I had a meeting with Lucy’s teacher yesterday. I feel like I’ve had a hundred meetings at Lucy’s school over the last three years. I pulled into the drive, parked my car, walked through the gate and into her classroom.
That day Lucy had a field trip to a place called Kiddie Acres. It’s this kind of old-school, carnival type place. Ferris wheel, carousel, miniature train, lots of little rides. I wasn’t able to go, because I’ve gone back to work, and missed several days over the last few weeks due to Lucy being ill. It’s a field trip I’ve gone on with her every other year, and so I was sad that I wasn’t going on this one. Luckily, my dad was available to go with her, and they had a ball. But it’s the last time she will take a field trip to that place, and I was bummed not to be there.

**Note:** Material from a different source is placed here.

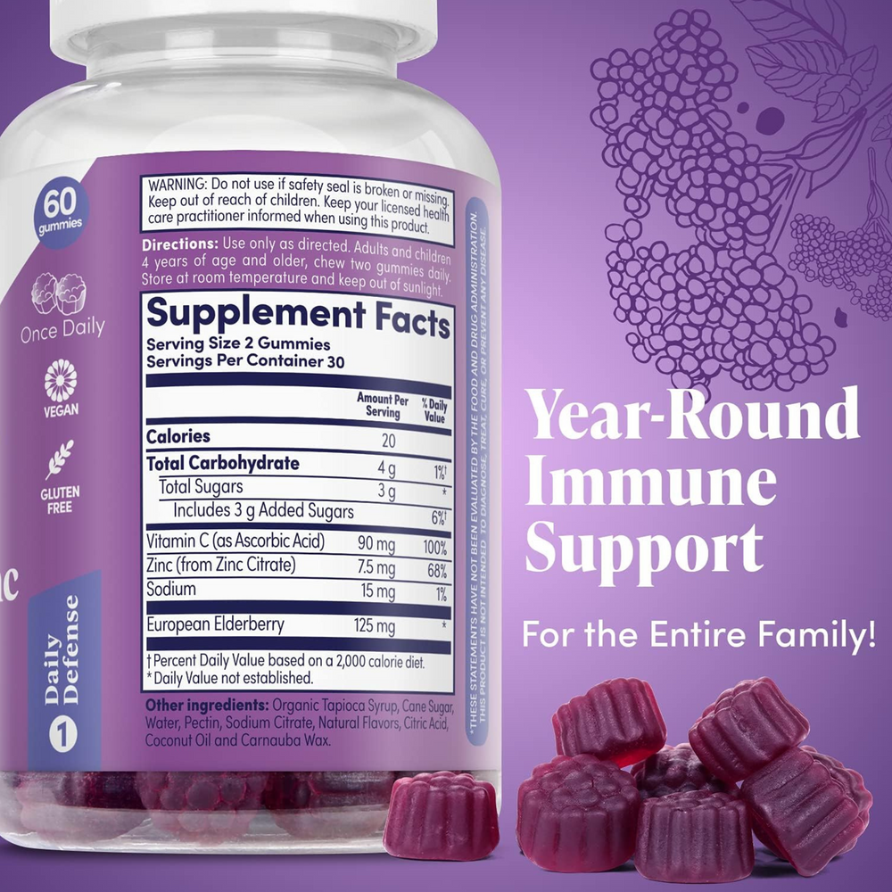 Zand, Immunity, Elderberry Zinc with Vitamin C, 60 Gummies

It was also the last time I will sit in that preschool classroom, in a tiny blue chair at a tiny low table talking with Lucy’s teacher and feeling like a giant. It is the last time I will feel like a giant. It is the only place I have felt like a giant. (Which is cool, when I usually feel like a mouse.) It is the last meeting I will have with her teacher, who was the first person outside of the house Lucy ever trusted. We are changing campuses for kindergarten and so it may be the last time I see her at all.
We had a great meeting. She is excited for Lucy to go to kindergarten. Lucy is excited for Lucy to go to kindergarten. I’m trying to be excited, too. It’s hard to leave safe places. When we were finished, she walked out with me and after she locked the door behind her, we said goodbye and it felt like we should hug, but we didn’t. I walked back up the sidewalk, through the gate and to my car. Backed out, and followed the circle drive around and out; the same circle drive I’d sat in hundreds of days and waited to see Lucy come around the corner from her class and run to the gate, thrilled to see me standing by the car, waiting to receive her. I know that will be the last time I make that circle.
It is an odd feeling of finality. I know we are looking forward to new beginnings, but her preschool was a very special place, for very special people, and I’m sad to say goodbye. I can’t believe the years have gone so fast.